NATO będzie nadal przewodzić znaczącym siłom, które skoncentrują się na obecnych wyzwaniach w dziedzinie bezpieczeństwa w regionie - powiedział Robertson. Wyjaśnił, że Sojusz będzie pomagał w walce z terroryzmem, mafią, przemytem ludzi i broni, handlem narkotykami. Dziedziny te mają bowiem kluczowe znaczenie dla bezpieczeństwa w Europie Południowo-Wschodniej i szerzej dla całej wspólnoty Euroatlantyckiej - dodał.
Robertson przemawiał na rozpoczętej w poniedziałek w Zagrzebiu konferencji zatytułowanej "Regionalna stabilizacja i współpraca: NATO, Chorwacja i Europa Południowo-Wschodnia".
NATO zapowiedziało w maju zredukowanie w tym roku o 20% swych sił w Bośni i Kosowie, które liczą w tej chwili 57 tys. żołnierzy.
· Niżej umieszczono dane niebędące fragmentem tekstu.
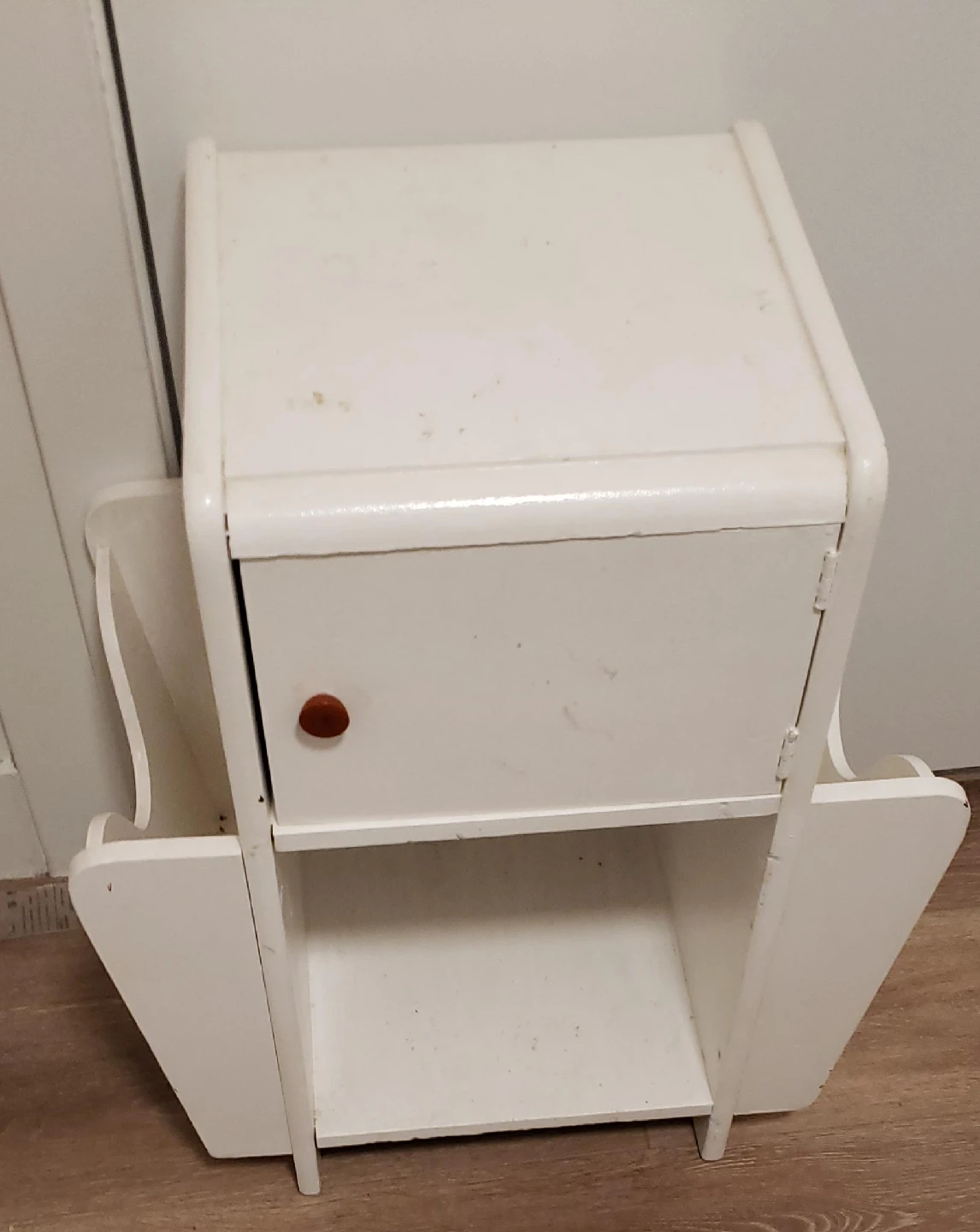 138Selling a cute white bedside table! It has a little cabinet with a door and a magazine rack on each side. Perfect for keeping your nighttime reads and essentials close by. e transfer preferably

Sojusz uzasadnia tę decyzję poprawą stabilności politycznej w regionie.
Kontyngent w Bośni zostanie zmniejszony z 19 tys. do 12 tys. żołnierzy, a w Kosowie - z 38 tys. do 33,2 tys.
Po prostu błędem jest sądzić, że Europa Południowo-Wschodnia pozostanie na zawsze niespokojnym regionem. W zeszłym roku zanotowano znaczący postęp i istnieją wszelkie powody, by sądzić, że ten postęp zostanie utrzymany - ocenił Robertson. (and)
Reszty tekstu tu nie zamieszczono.